In 2009 they came back when I was in Mongolia, like people who never age they were exactly the same and yet on this visit they manifested in my actions. Perhaps in a strange way I became three separate people, or maybe I remained myself but was shared between three other consciousnesses. Maybe the altitude was too high for my brain to function as it had previously.

I have feared before for my sanity, but now have the conviction that I'm not crazy for being calm and quiet when I have temporarily departed from the noise and colour of ephemeral phenomena - the hooks, barbs, spines - that are advertisements, a picture, sentences, concerns, emotions, attachments, movements... 

The other week when I somehow fell into a deep vast self I felt aware of having no need for words. Language corrupts. That self was silent, it hasn't any need to build a vocabulary; it has nothing to say. 

Because everything else was and will eventually be silent (in a literal sense), the silence of my self is made from the same silence that is reserved for the time before and after every thing that exists. It feels like a part of death, a part of a place unseen, in communion with a place out of space time, eternally present. 

Sunday, November 11, 2012

I talk in this language, dead people talk in dead languages

Today I am upset because whatever culture infiltrated my family history has been blown away. It's not something I can repair because customs and stories are shared and evolve. It's not something I can repair because I feel disentangled from my family. We got scattered geographically and psychologically by circumstance and choice.
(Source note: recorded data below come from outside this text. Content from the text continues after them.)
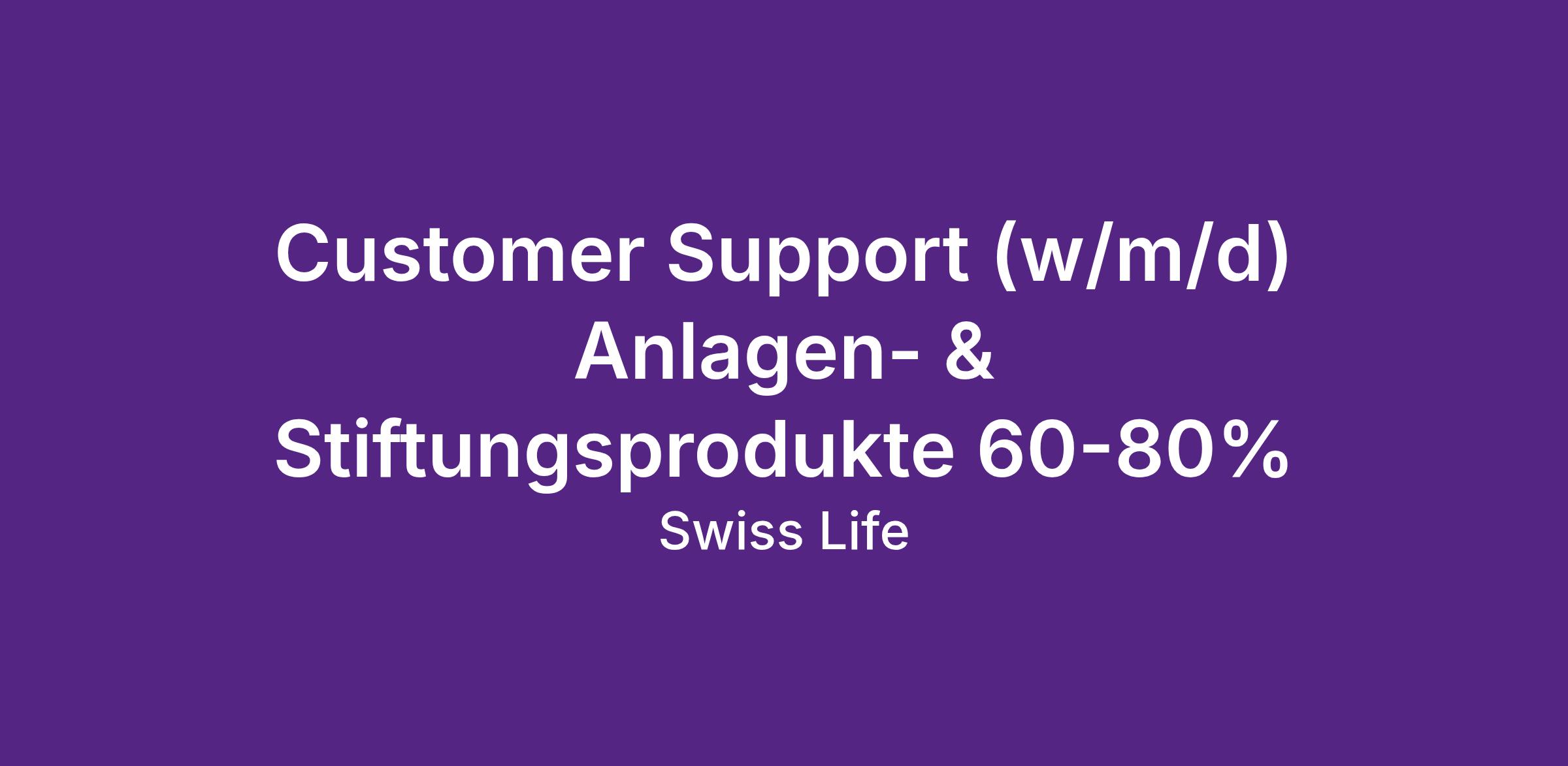 Das Service Center ist die Anlaufstelle für Kundinnen und Kunden von Anlagen- & Stiftungsprodukte sowie für Kundenberatende der Swiss Life. Gemeinsam mit dem Team stellst du die Erreichbarkeit gegenüber Kundinnen und Kunden sowie Beratenden zu den Öffnungszeiten sicher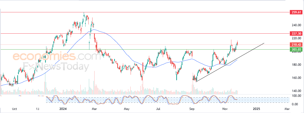 لذلك نحن نرجح عودة صعود سعر السهم خلال تداولاته القادمة، طيلة استقراره اعلى مستوى 203.00$، ليستهدف اولى مستويات المقاومة عند سعر 227.30$.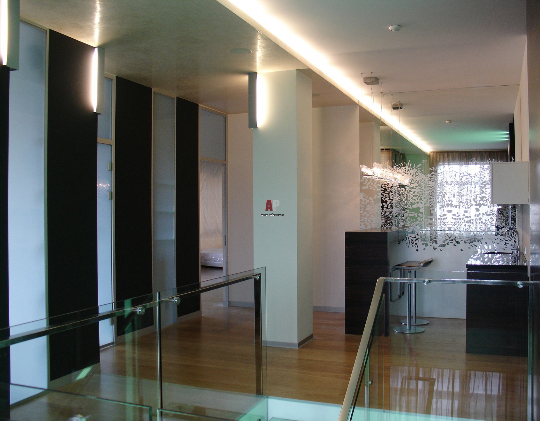 Бар с винотекой на лестничном холле второго этажа. На торцевой стене - зеркало с травленым рисунком в виде сосновых шишек.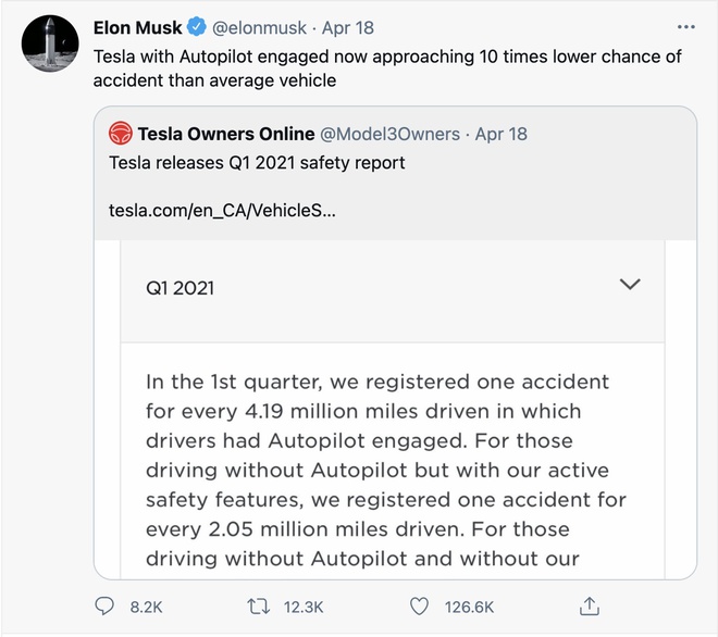 CEO Elon Musk vừa đăng tải trên mạng xã hội Twitter rằng chế độ tự hành Autopilot của công ty giúp giảm tỷ lệ tai nạn xuống thấp hơn 10 lần so với ôtô thông thường.

I'm also angry and embarrassed of my English heritage because of the way England assaulted this country. Conquest happens everywhere, and everywhere there is heartache for homeland. White history sleeps in carved stone objects that memorialise dead troops in foreign countries while this countries history sleeps in unmarked river stones, worn away by water and the blood of massacres. 

Sunday, November 4, 2012

Pulling oars

Have you ever really loved a book or a film yet when someone asks you what it's about you can't even answer them? You might have forgotten because it was a while ago when you last saw or read it, or perhaps it expressed an intangible essence in a subtle way and so its details are hard to describe but the zeitgeist is strong. Such an instance occurred today when someone told me they owned a book that they hadn't read, which I have read and found profound, yet I couldn't explain the narrative.

My life isn't a book or film, but people turn lives into books and films and in a way this blog reduces my experiences into silent written words. The benefit is that they are clear and precise, less velutinous than the instances they speak of.
I come into trouble when something subtle and ubiquitous slips into my life... The weather report reduces climatology to a symbol, it doesn't account for the colour of the sky or the merging of the clouds or the smell of body odour which are the ways that we experience weather. In a similar way I doubt the capacity for this space to hold the girth of something that is native to a world without an alphabet.

I'm shifting a silence into language. It's a dance, it's a game. It's guilty without guilt. It's a colonial invasion complete with disease and foreign architecture. I'm building a house for a love that wants to live in a place with walls made from trees and carpets of grass, chandeliers of stars and the gulf of Carpentaria for a bath. This is just a holiday house, just a place built from phonemes... not luxurious but elastic enough, perhaps.

I am in love, it's hard to describe but I'll keep trying because it feels to be the deepest and widest ocean that I've sailed through. I've no desire to chart the waters, only to occasionally catch a fish, to look at the sea so black that it merges with the night sky and feel how heavy the water is and enjoy that it can be difficult to row around.